If you have access to the data, it would be useful to see what the numbers for the previous 5 or 10 years would look like on this spreadsheet, as a validation of your model.

Fred Buhler

While I agree that our focus should be on national debt service to GDP, it is also important to understand the structure of maturing debt. When does it mature, who is holding our paper, and are they likely to refinance it? In the past, as debt has matured it was easy to refinance it with a new issue; in effect roll it over. However, as some of our key creditors, read China, are less inclined to continue purchasing our paper at current levels, there is a strong probability that we will have to pay some of this paper off. Or dramatically increase the yield, to make it more attractive. Either scenario is unattractive.

George Rebane

Wayne, I'll look for such numbers and hope that you will too. The model, of course, is a 'toy model' - reality will be more complex as I mention in the post. But even this model, on the face of it, contains the major financial factors that determine the impact that national debt will have on a country with the user input GDP growth rate and aggregate tax rate.

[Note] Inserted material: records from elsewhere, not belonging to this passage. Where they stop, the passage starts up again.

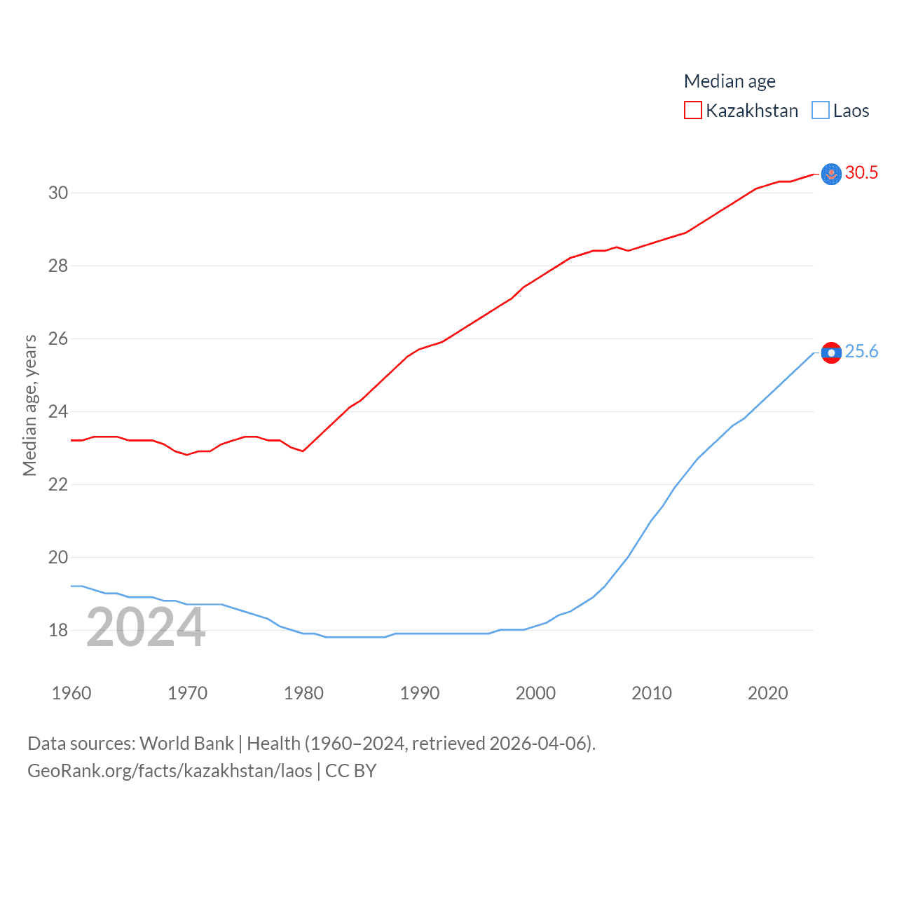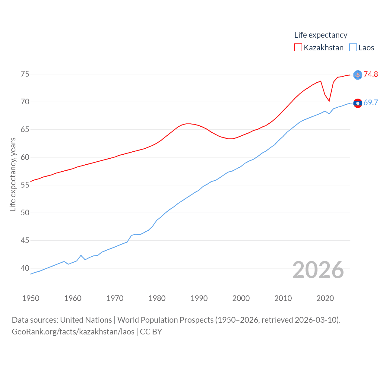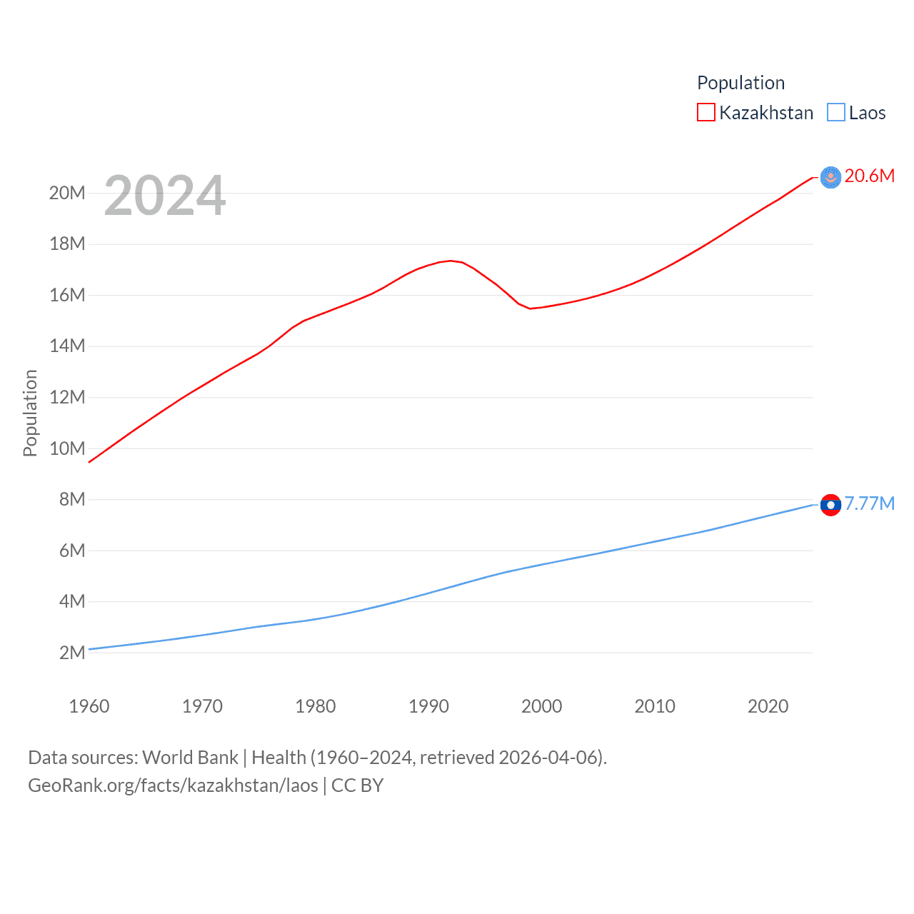 Kazakhstan has a population of 20.6M (ranked 64/197), compared with 7.77M in Laos (ranked 103/197). Kazakhstan's land area is 1,042,360 sq mi versus 89,112 sq mi for Laos (ranked 9th vs. 79th).
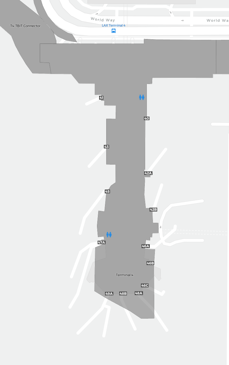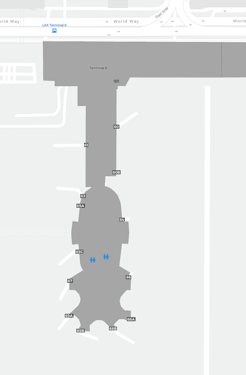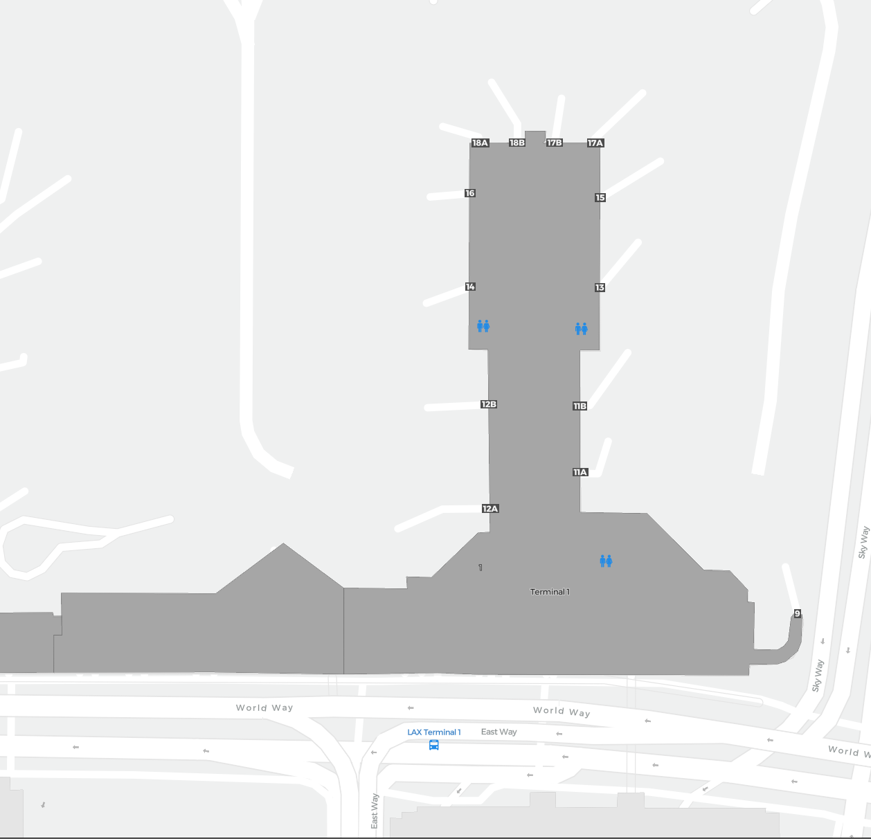 Il s’agit d’une carte zoomable sur Los Angeles (LAX). La carte peut vous donner un aperçu de la zone extérieure avec les terminaux, parkings, et dans certains aéroports aussi des détails sur les portes, les agences de location de voitures et autres commodités si vous zoomez.
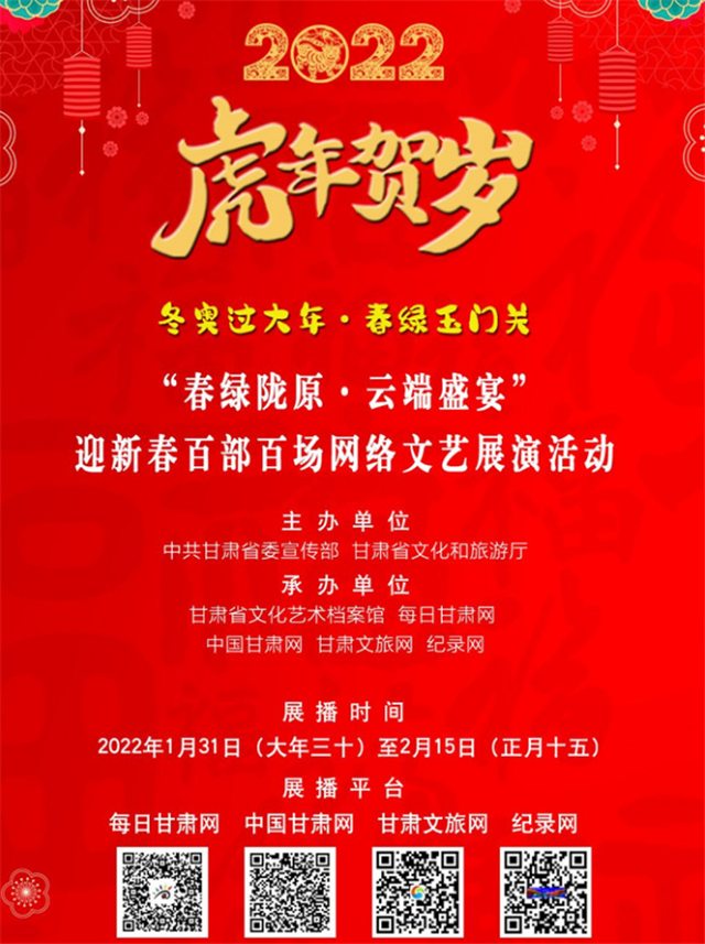 凯发k8省博物馆在春节期间举办了“虎虎生福——壬寅(虎年)新春生肖文物联展”,凯发k8省图书馆举办7大专题30余项文化体验活动。在“春之华章”2022年凯发k8省电视春节联欢晚会上,原创话剧《八步沙》、陇剧《大禹治水》等精彩上演;凯发k8省非遗保护中心开展了“虎虎有神过大年——如意凯发k8·多彩非遗”宣传推广活动;凯发k8演艺集团通过线上线下结合方式,开展2022“我们的中国梦”——文化进万家迎新春文艺演出活动;张掖市举办春节“九曲黄河灯阵启灯纳福非遗文化展演”活动。
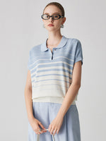 Women's Striped Polo Knit T-Shirt
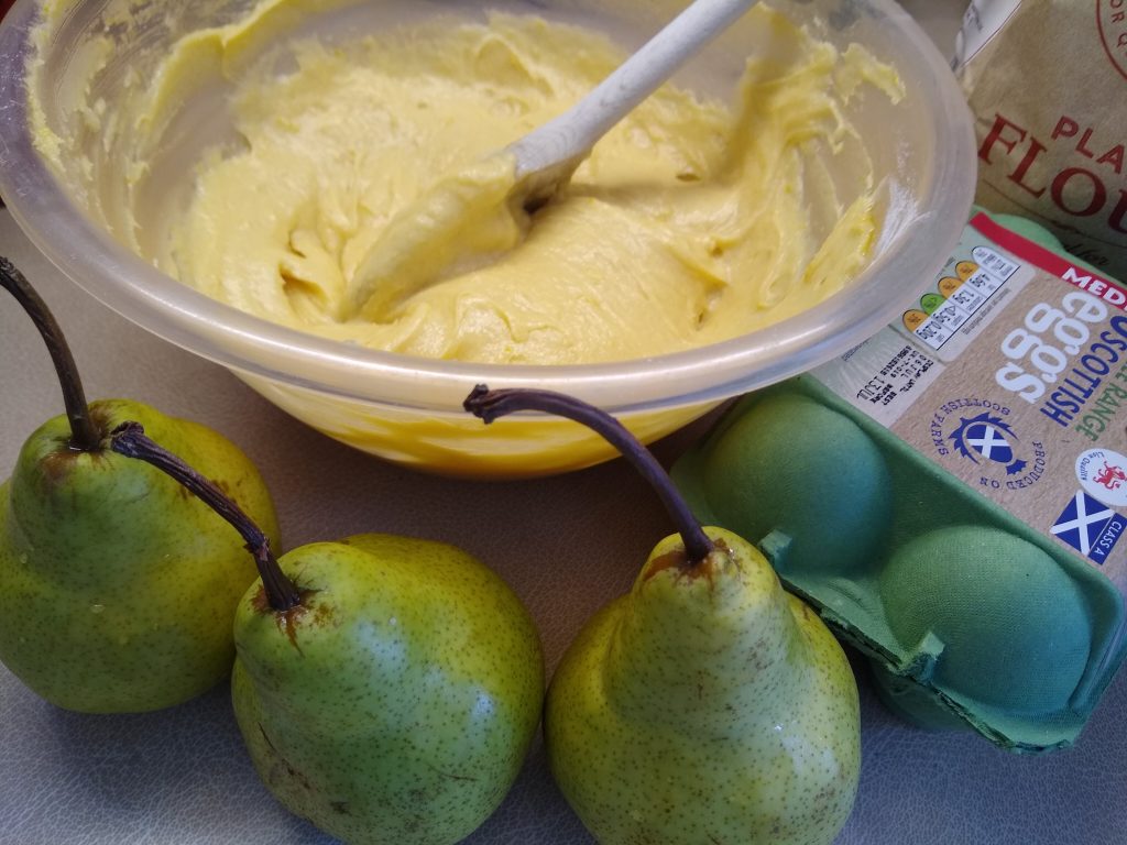 - Chop in chunks half of the pears and add it to the cake mixture.
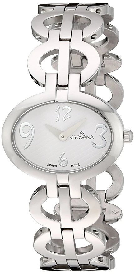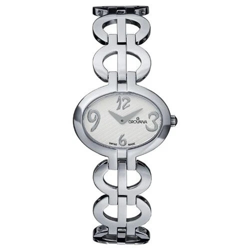 Grovana Swiss Sapphire 29mm Oval White Dial Silver Women's Watch 4566.1133
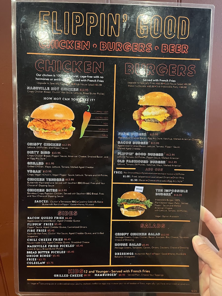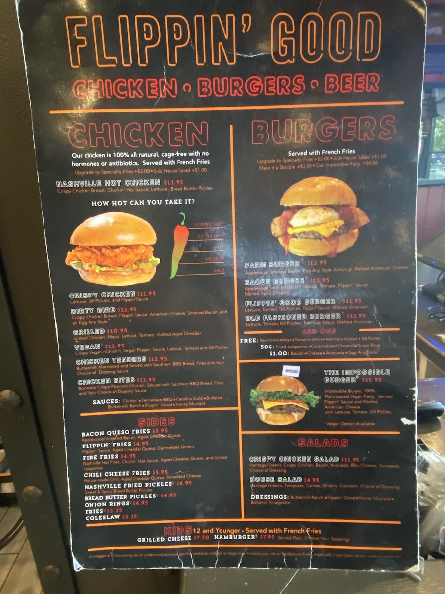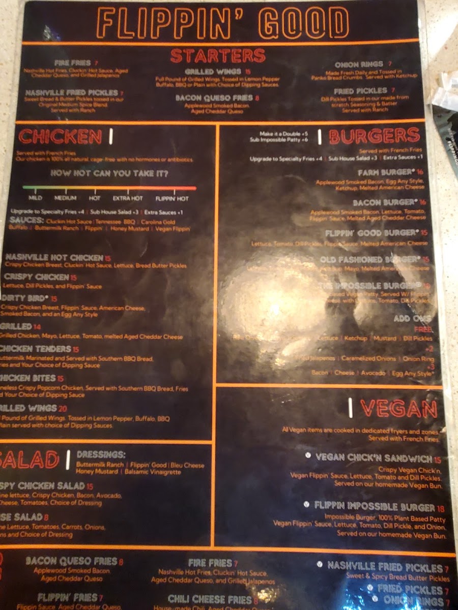 This menu is suitable for casual dining occasions such as lunch or dinner, appealing to those seeking hearty meals like burgers or chicken sandwiches. The inclusion of sides like fries and options for dressings on salads provides customizable meal components. The menu structure supports straightforward ordering with clear groupings for ease of selection.
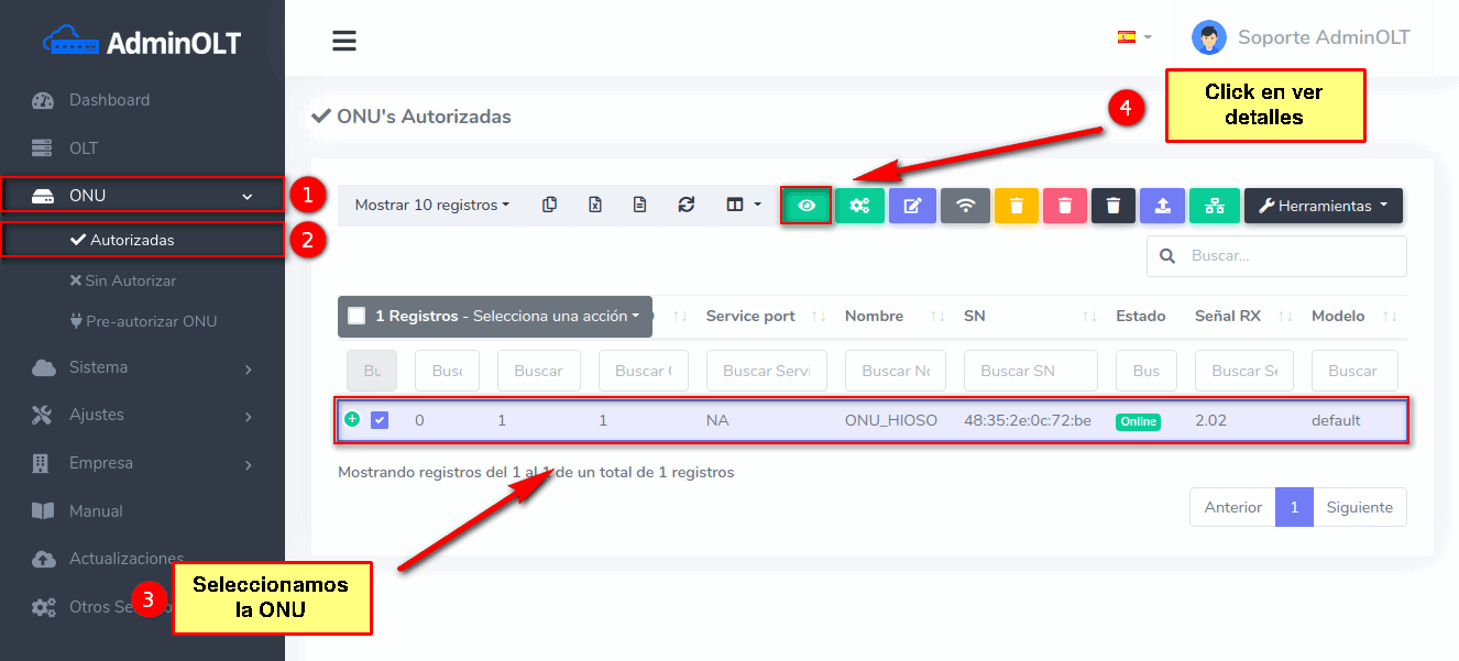 Tome en cuenta que el puerto PON de la OLT debe tener deshabilitados el modo NonAuth. Si tiene dudas sobre este tema puede consultar el siguiente manual; Configurar Puerto PON
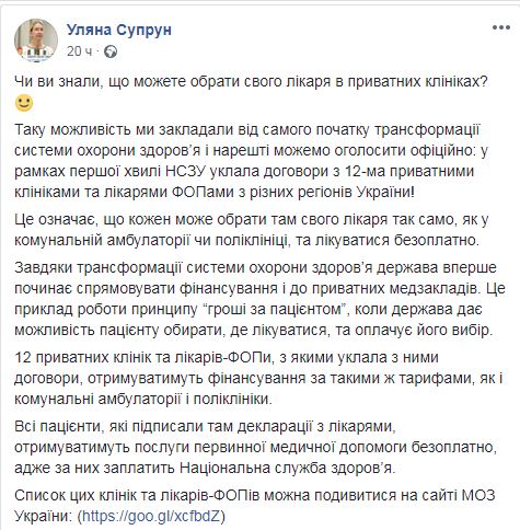 Об этом в своем Facebook сообщила министр Ульяна Супрун.
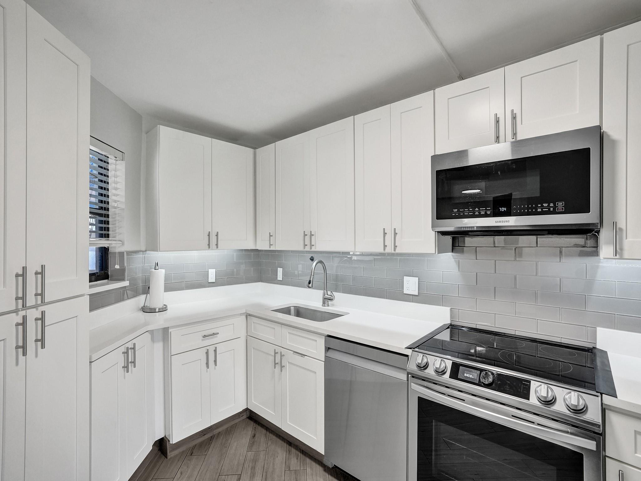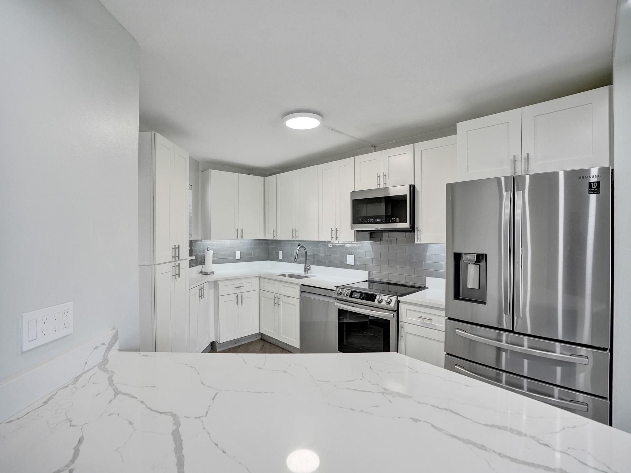 Welcome to this stunning remodeled 2 bedroom 2 bath unit located in this amazing 24 hours manned gated community Camino Real Village in Boca Raton. This community is close to top A rated schools, highways, restaurants. Newly renovated kitchen includes Samsung Appliances, Wine Cooler, Newer stackable washer and dryer. A/C and Heater was replaced in 2021, new floors, This unit offers oversized screened balcony, community has 4 heated pools, tennis courts, sauna and pickle ball courts. Unit has one-car garage, 1 assigned parking spot, and other guest parking. Beach is 5.5 miles away, Boca Town Center Mall is 3 miles away.
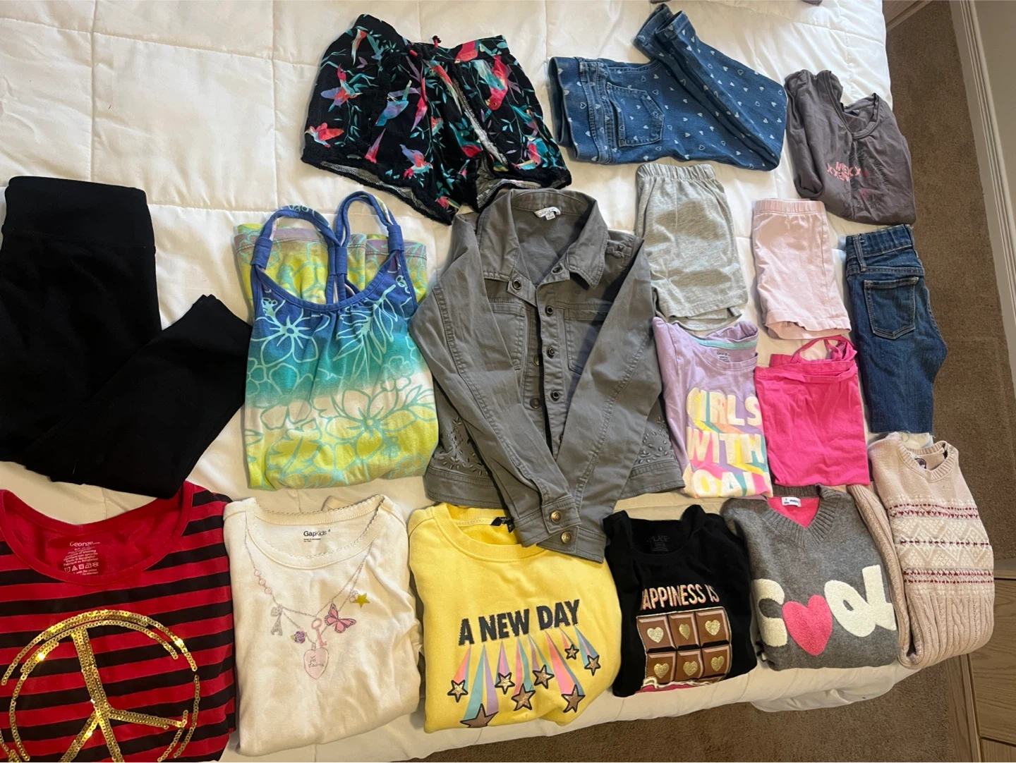 This bundle includes various tops, bottoms, and a jacket for girls. Items feature bright colours and fun graphics. Includes a grey denim-style jacket and a patterned sundress.
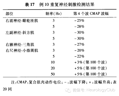 2. 常见结果:低频刺激出现CMAP波幅递减,高频刺激也可出现或不出现递减。面神经异常率最高。阴性结果不排除临床诊断。

Fred, I agree with your finer points. Those factors can be represented in this simple (i.e. 'toy') model by appropriately modifying the interest rate that is needed to service the riskier loans that will be made to us. As an international banker, you could probably enlighten us with how our vaunted 'risk free' interest on Treasuries will be affected as our debt service to GDP ratio grows.

Fred Buhler

Interesting point. And of course, Treasuries are always referred to as the "risk free" basis for pricing other transactions. However, I have always argued there is no such thing as "risk free". Whether it is default or pricing related risk, there is always risk. Similar to our state, as the perception of risk increases, so the pricing increases.